Review of Stella

Stella (2008)
9/10
Director's autobiographical portrait of her 11th year really sings
23 February 2009
It's 1977 and Stella Vlaminck begins her first year in a prestigious Parisian secondary school. Home for her is a boisterous working class café on the edge of Paris. This is a chance. Can she make it? That's the premise of this buoyant, touching autobiographical film by Sylvie Verheyde, which has to be one of the best movies made from the point of view of a pre-teen girl. It's on a par with Julie Gavras's very fine young girl's political biography, Blame It on Fidel, and depicts its family with the same unwavering eye.

To understand why this is such a terrific movie, begin with Lóra Barbara, the young actress who plays Stella, who's superb. Sometimes she's plain. Sometimes she's lovely. Sometimes she seems tiny. Sometimes she's big. Always, she's present. And she narrates (a device that's seamless and delicate, guiding us often but never intruding).

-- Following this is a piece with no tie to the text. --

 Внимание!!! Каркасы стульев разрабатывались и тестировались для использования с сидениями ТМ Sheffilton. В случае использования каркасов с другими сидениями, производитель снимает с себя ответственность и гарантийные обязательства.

The essence of the story is that though Stella happens to find her one friend in Gladys (Melisa Rodrigues), a more middle-class girl from an intellectual Argentinian Jewish family, and Gladys is the best student in her class, Stella finds out she doesn't know a lot of things she needs to know. She knows about pinball and cards and pop music and TV and football and how a bar is run. European history and Greek mythology, Balzac and Cocteau are a mystery to her. And at first she doesn't care, and she comes home with all F's. Her father (played charismatically by cool singer-songwriter Benjamin Biolay) is sexy, and well-liked and her mom (Karole Rocher) runs the café and is good looking. They're "stars" in the neighborhood. But she's angry and sad and is two-timing him with one of the regulars, and dad drinks too much and is weak. Her older brother Loïc (Johan Libereau) tries to help, but can't. Very kind to Stella is another local, Bubu (Jeannick Gravelines), but his motives turn out to be ugly indeed.

Under Gladys' influence, Stella begins to read. Marguerite Duras and Balzac become her friends. But they don't yet help her in French class, where the teacher finds her spelling utterly pathetic.

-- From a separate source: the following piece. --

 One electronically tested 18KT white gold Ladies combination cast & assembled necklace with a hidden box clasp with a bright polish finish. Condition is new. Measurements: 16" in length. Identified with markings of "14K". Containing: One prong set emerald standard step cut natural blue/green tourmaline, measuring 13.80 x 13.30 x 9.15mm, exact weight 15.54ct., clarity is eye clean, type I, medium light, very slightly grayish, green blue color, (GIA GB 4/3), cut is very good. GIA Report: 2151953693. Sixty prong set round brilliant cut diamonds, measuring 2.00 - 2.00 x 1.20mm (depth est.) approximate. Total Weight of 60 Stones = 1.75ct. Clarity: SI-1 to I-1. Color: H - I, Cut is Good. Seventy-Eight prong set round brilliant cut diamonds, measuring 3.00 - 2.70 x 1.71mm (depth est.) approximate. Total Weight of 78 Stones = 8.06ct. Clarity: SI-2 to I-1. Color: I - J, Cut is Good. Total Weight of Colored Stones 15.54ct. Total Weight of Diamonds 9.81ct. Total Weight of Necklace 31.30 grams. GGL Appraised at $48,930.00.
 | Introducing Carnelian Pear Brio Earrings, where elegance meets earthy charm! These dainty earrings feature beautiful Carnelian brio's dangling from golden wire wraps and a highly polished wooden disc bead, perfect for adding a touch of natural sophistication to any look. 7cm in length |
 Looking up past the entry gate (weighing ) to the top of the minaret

Life at the café is entertaining to come home to. And there's Alain-Bernard (Guillaume Depardieu, sadly, dead four months ago at 37), the kind, charismatic regular Stella's got a crush on. She plays cards, and is good. She plays the pinball machine with Alain-Bernard too. There's always something going on. It's fun, but it's chaotic, and it distracts Stella from studying, or keeps her from going early to bed. There is TV to watch (Gladys' family don't have one; they're "against" it). Sometimes the working-class patrons seem more childish than the bourgeois kids at the school, whose teachers are imperious and demanding gatekeepers of French high culture. This is a contrast to the present-day 'banlieue' school depicted so accurately in Cantet's recent prizewinner, The Class. No teacher is going to bend to Stella. Some of the teachers are abusive and throw tantrums--or throw a kid's stuff out the window.

In the summer Stella's parents dump her off somewhere in the country with her grandmother, her father's mother, who steals from the till when she visits them in Paris. At school, Stella's a hick, a nothing, not too smart and not too cool. In the country, she's "rich," because from Paris. But here too she's a misfit because her only friend is a girl with a retarded brother and a nasty scary alcoholic dad, Genvieve (Laetitia Guerard), who herself is shunned by most of the other kids in the northern French village.

Verheyde shows a masterly ability to film all these milieus and make them seem like it's just happening and the camera's a fly on the wall. The cinematography by Nicolas Gaurin is light as a feather. This filmmaker creates a turbulent world, yet knows how to stop and let her story breathe. There were many moments that reminded me why I love French cinema.

Stella opened November 12, 2008 in Paris to excellent reviews. There's not much you can say against this film, though some thought the screenplay ought to have been less episodic. Shown as part of the Rendez-Vous at Lincoln Center March 2009. No US distributor, but this is highly recommended. 103 minutes.